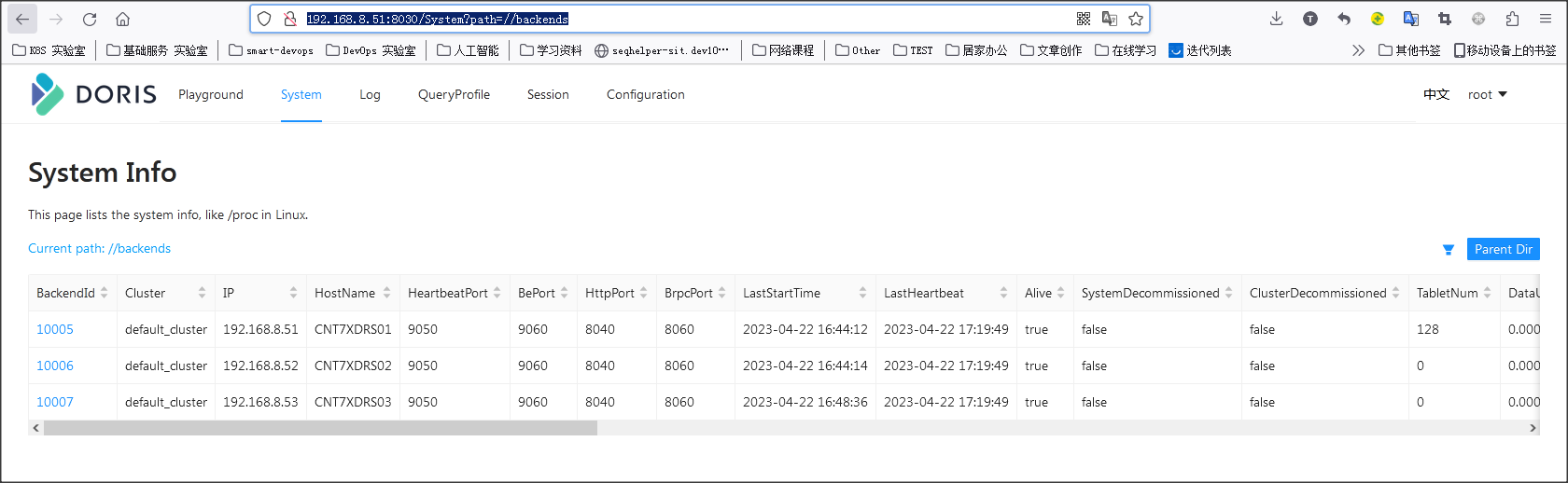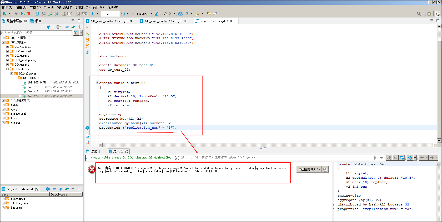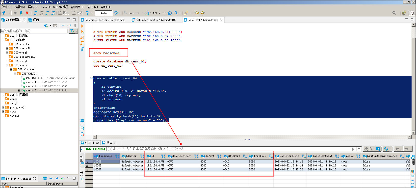 ### Search before asking - [X] I had searched in the [issues](https://github.com/apache/doris/issues?q=is%3Aissue) and found no similar issues. ### Version doris-be: 1.2.2 doris-fe : 1.2.2 os: centos-7.9 x64 ### What's Wrong? 当我建立好一个doris-fe + 3个doris-be节点集群后, 通过网页doris-fe-web(http://HOST_URL:8030/System?path=//backends),可以查看到有成功配置doris-be三个节点。 但是,我在客户端,成功连接:doris-fe服务之后,无法创建多副本的table,报错信息如下图3: 请问,这里SQL执行建表脚本,为何识别不到3个doris-be,但是我网页或命令查询,却有3个doris-be?    ### What You Expected? 这里SQL执行建表脚本,可以识别到有3个doris-be,并且成功创建table成功不报错。 use db_test_01; create table t_test_04 ( k1 tinyint, k2 decimal(10, 2) default "10.5", v1 char(10) replace, v2 int sum ) engine=olap aggregate key(k1, k2) distributed by hash(k1) buckets 32 properties ("replication_num" = "3"); ### How to Reproduce? 执行如下:脚本SQL step 1: -- 配置三个doris-be节点到一个doris-fe节点(mysql 5.7客户端) ALTER SYSTEM ADD BACKEND "192.168.8.51:9050"; ALTER SYSTEM ADD BACKEND "192.168.8.52:9050"; ALTER SYSTEM ADD BACKEND "192.168.8.53:9050"; step 2: -- 执行建表脚本 create database db_test_01; use db_test_01; create table t_test_04 ( k1 tinyint, k2 decimal(10, 2) default "10.5", v1 char(10) replace, v2 int sum ) engine=olap aggregate key(k1, k2) distributed by hash(k1) buckets 32 properties ("replication_num" = "3"); ### Anything Else? N/A ### Are you willing to submit PR? - [X] Yes I am willing to submit a PR! ### Code of Conduct - [X] I agree to follow this project's [Code of Conduct](https://www.apache.org/foundation/policies/conduct) -- This is an automated message from the Apache Git Service. To respond to the message, please log on to GitHub and use the URL above to go to the specific comment. To unsubscribe, e-mail: [email protected] For queries about this service, please contact Infrastructure at: [email protected] --------------------------------------------------------------------- To unsubscribe, e-mail: [email protected] For additional commands, e-mail: [email protected]
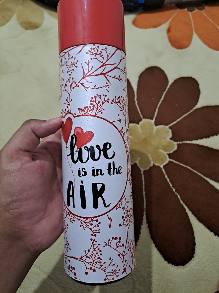 Kırmızı kapaklı, çiçek desenli ve 'love is in the AiR' yazılı renkli termos şişe. İçecekleri sıcak tutar. ❤️
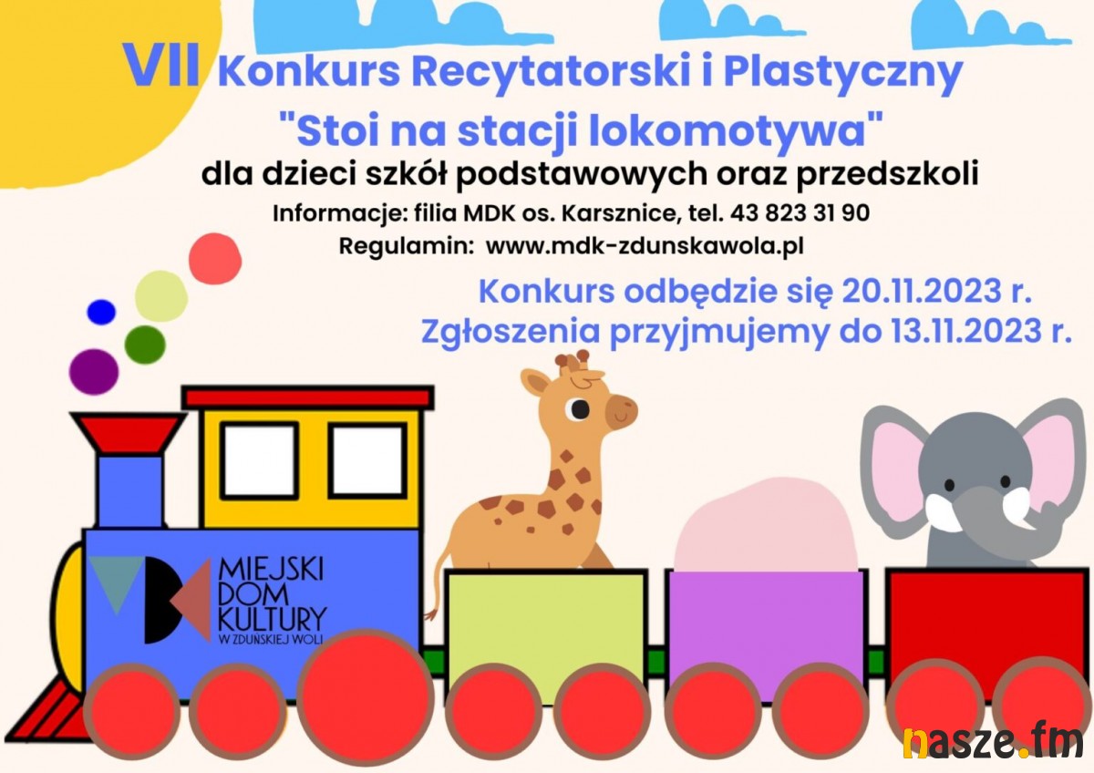 To będzie już 7. edycja Konkursu Recytatorskiego i Plastycznego "Stoi na stacji lokomotywa", do udziału w którym zaprasza filia Miejskiego Domu Kultury w Karsznicach.
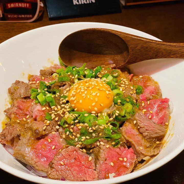 柔らかさを極限まで残した低温調理で仕上がったカイノミのローストビーフに特製の和風だれをかけて崩した卵黄と一緒にお口の中へかき込んだ時の快っ感🤤🤤🤤
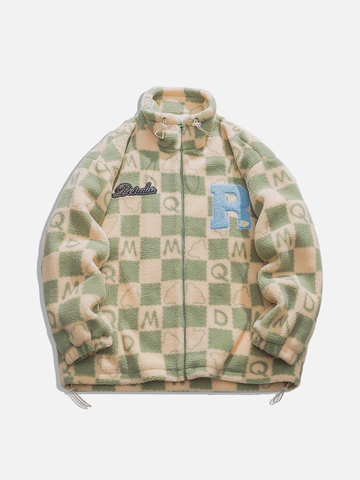 PLAID Letters Sherpa Coat
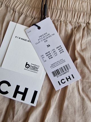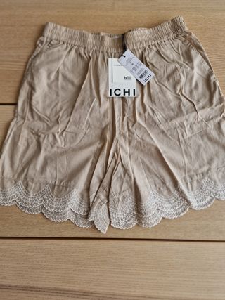 Calções beges da marca ICHI, perfeitos para dias de calor. Versáteis e confortáveis, ideais para combinar com diversos looks. Adicione um toque de estilo ao seu guarda-roupa.
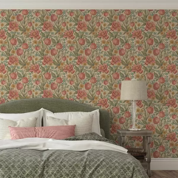 Tapetai Vintage tulipai ir astros, tekstūruotas kreminis fonas Nr. a00773

YOUR GOAL:
Please write out, exactly, every line from the line with "Kırmızı kapaklı, çiçek" through the final line of the data above, leaving out pictures.

ANSWER TO THIS PROBLEM:
 Kırmızı kapaklı, çiçek desenli ve 'love is in the AiR' yazılı renkli termos şişe. İçecekleri sıcak tutar. ❤️
 To będzie już 7. edycja Konkursu Recytatorskiego i Plastycznego "Stoi na stacji lokomotywa", do udziału w którym zaprasza filia Miejskiego Domu Kultury w Karsznicach.
 柔らかさを極限まで残した低温調理で仕上がったカイノミのローストビーフに特製の和風だれをかけて崩した卵黄と一緒にお口の中へかき込んだ時の快っ感🤤🤤🤤
 PLAID Letters Sherpa Coat
 Calções beges da marca ICHI, perfeitos para dias de calor. Versáteis e confortáveis, ideais para combinar com diversos looks. Adicione um toque de estilo ao seu guarda-roupa.
 Tapetai Vintage tulipai ir astros, tekstūruotas kreminis fonas Nr. a00773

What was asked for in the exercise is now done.